En sus des autobus fournis par le régime et des ambulances, certains résidents sont partis dans leur propre véhicule, selon Ahmad al-Dbis, chef d’une unité de médecins et de volontaires qui coordonnent l’évacuation des blessés.

Le nombre de personnes évacuées difficile à estimer

« De nombreuses familles arrivent avec leurs affaires dans des camionnettes », a-t-il dit à Khan al-Assal, point de rassemblement à l’ouest d’Alep où les évacués sont conduits. « Ils se rassemblent et, de là, vont vers des camps ou chez des amis ou de la famille habitant dans la région ».

Ingy Sedky, porte-parole du CICR à Damas, a estimé qu’il était difficile d’avancer un chiffre précis pour le nombre de personnes déjà évacuées.

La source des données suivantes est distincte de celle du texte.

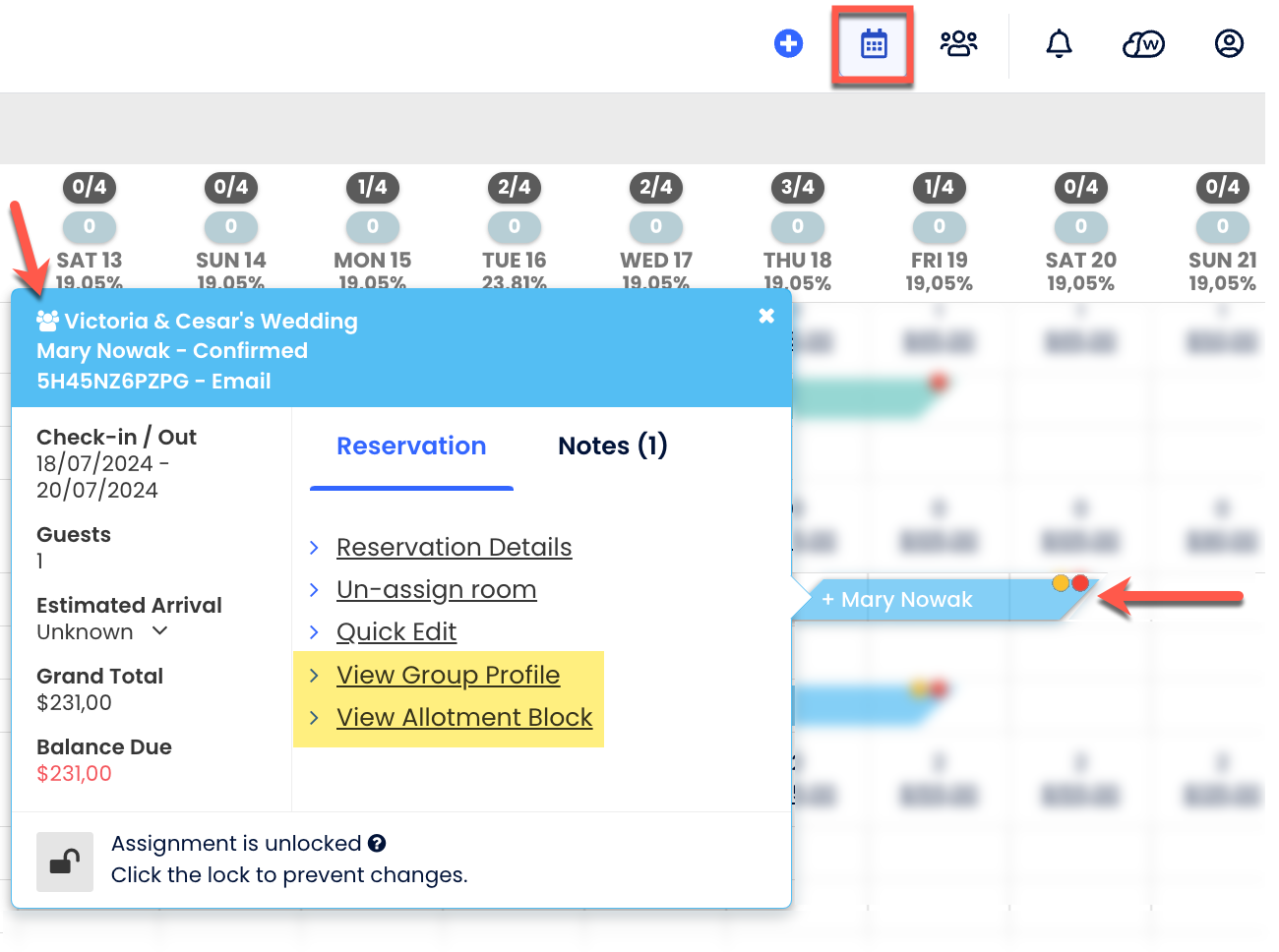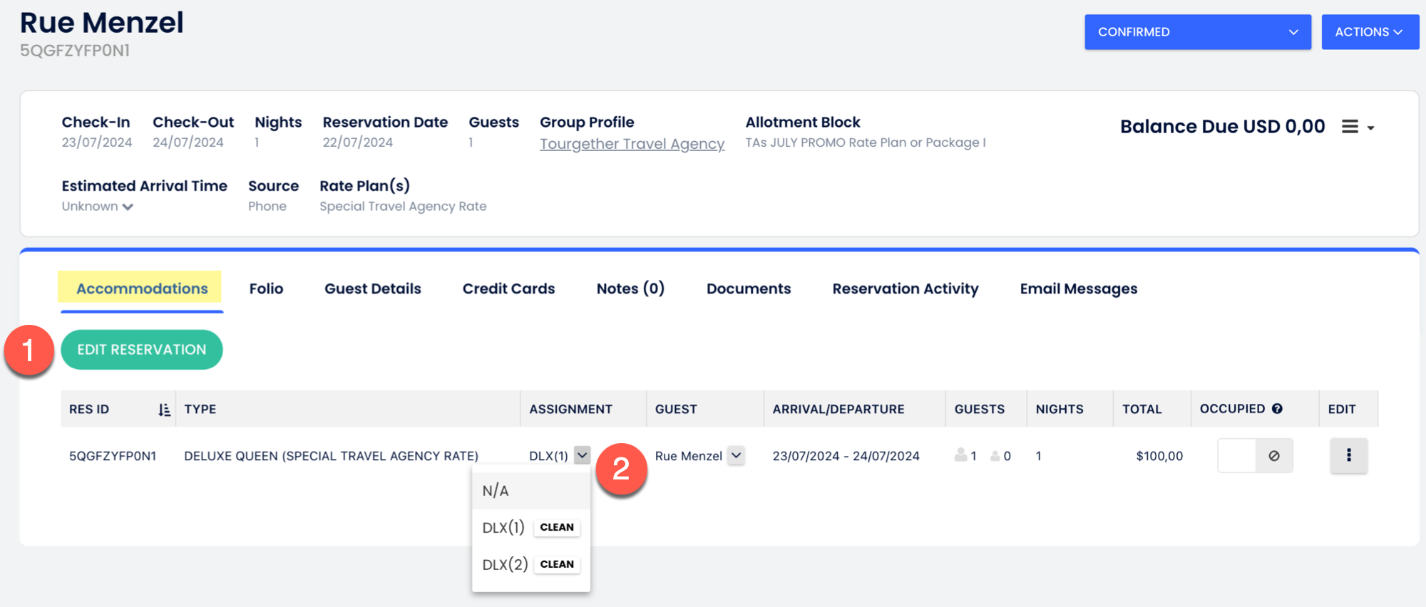 Öncelikle, Atama Bloğunu düzenle ve konaklama türü veya birimi ekle, ardından mevcut rezervasyonu istediğin odaya taşı.
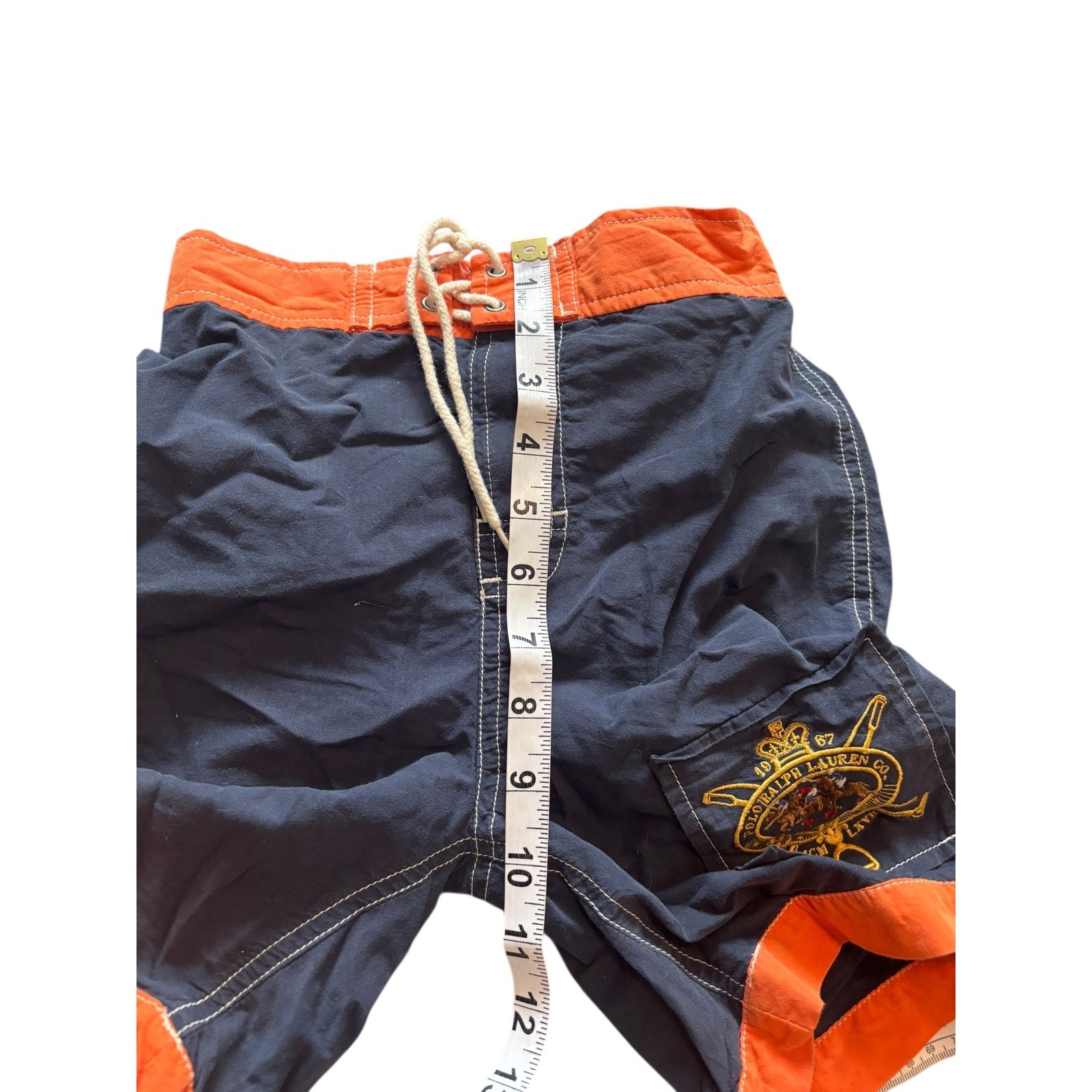 Polo Ralph Lauren Boys Swim Trunks Size 6 Navy Orange Logo Patch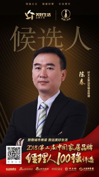 恭喜广东好太太科技集团股份有限公司营销总经理陈春先生提名2018中国家居品牌经理人100强评选。
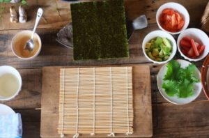 具材以外に準備するものは、巻き簀、焼き海苔、酢飯。

Mais selon Ahmad Dbis, environ 6.000 personnes sont déjà arrivées d’Alep, dont au moins 250 blessés. Certains ont eu besoin d’une prise en charge médicale d’urgence et ont été transférés en Turquie.

L’Observatoire syrien des droits de l’Homme (OSDH) a estimé le nombre des personnes évacuées à environ 8.500, dont quelque 3.000 combattants. Les médias officiels ont eux parlé de quelque 8.000 évacués.